• [INPUT DATA]

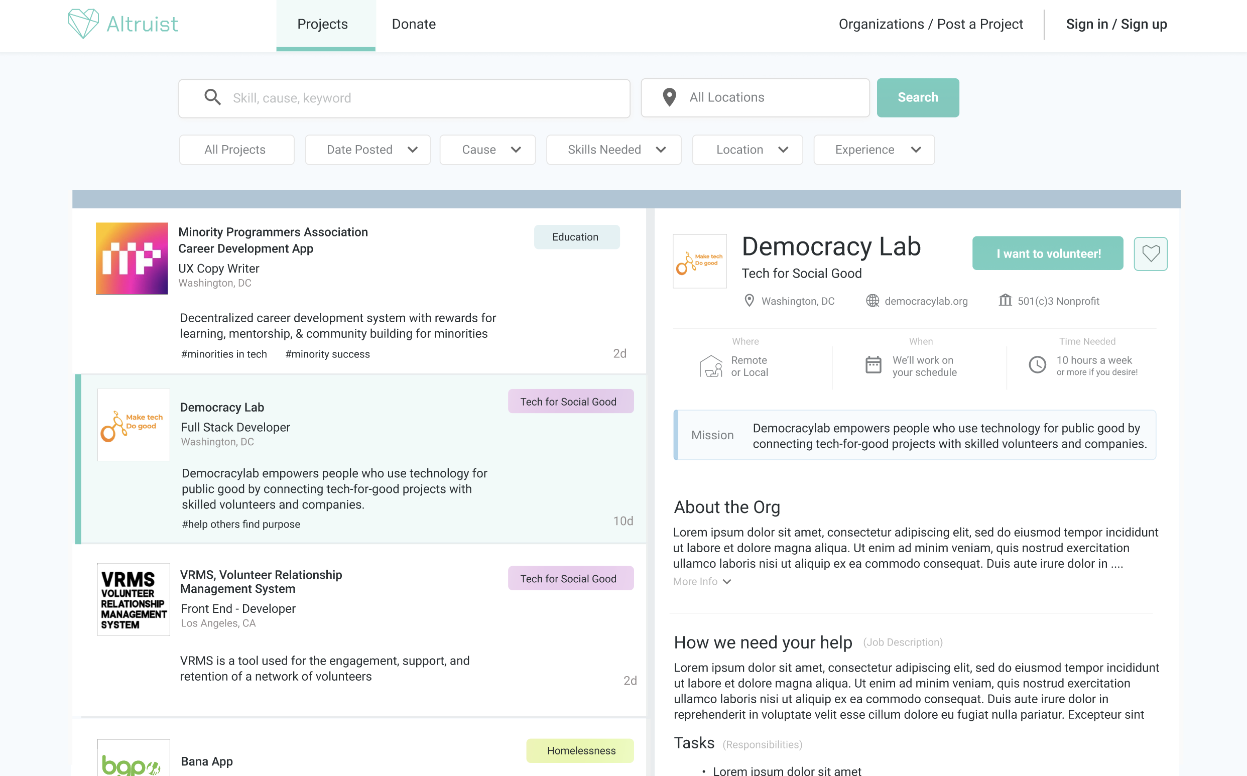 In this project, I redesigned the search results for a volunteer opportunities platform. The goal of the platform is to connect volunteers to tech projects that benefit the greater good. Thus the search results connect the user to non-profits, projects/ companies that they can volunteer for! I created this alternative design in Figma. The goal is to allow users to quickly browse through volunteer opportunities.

* * *

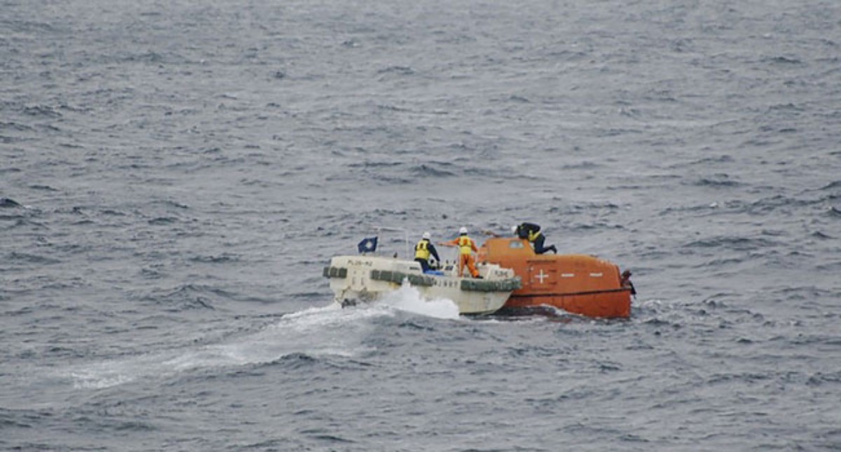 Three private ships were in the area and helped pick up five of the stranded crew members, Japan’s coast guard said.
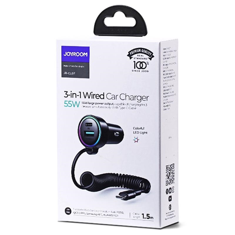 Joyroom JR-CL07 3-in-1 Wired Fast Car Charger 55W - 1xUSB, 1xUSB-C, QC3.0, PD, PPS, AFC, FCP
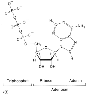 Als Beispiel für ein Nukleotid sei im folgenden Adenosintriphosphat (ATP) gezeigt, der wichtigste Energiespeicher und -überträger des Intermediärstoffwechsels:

• [EXERCISE]
The data above holds the lines to copy: start at the one with "Three private ships", stop at the one with "Als Beispiel für", include both, copy them exactly without pictures, and copy nothing else.

• [TASK SOLUTION]
 Three private ships were in the area and helped pick up five of the stranded crew members, Japan’s coast guard said.
 Joyroom JR-CL07 3-in-1 Wired Fast Car Charger 55W - 1xUSB, 1xUSB-C, QC3.0, PD, PPS, AFC, FCP
 Als Beispiel für ein Nukleotid sei im folgenden Adenosintriphosphat (ATP) gezeigt, der wichtigste Energiespeicher und -überträger des Intermediärstoffwechsels:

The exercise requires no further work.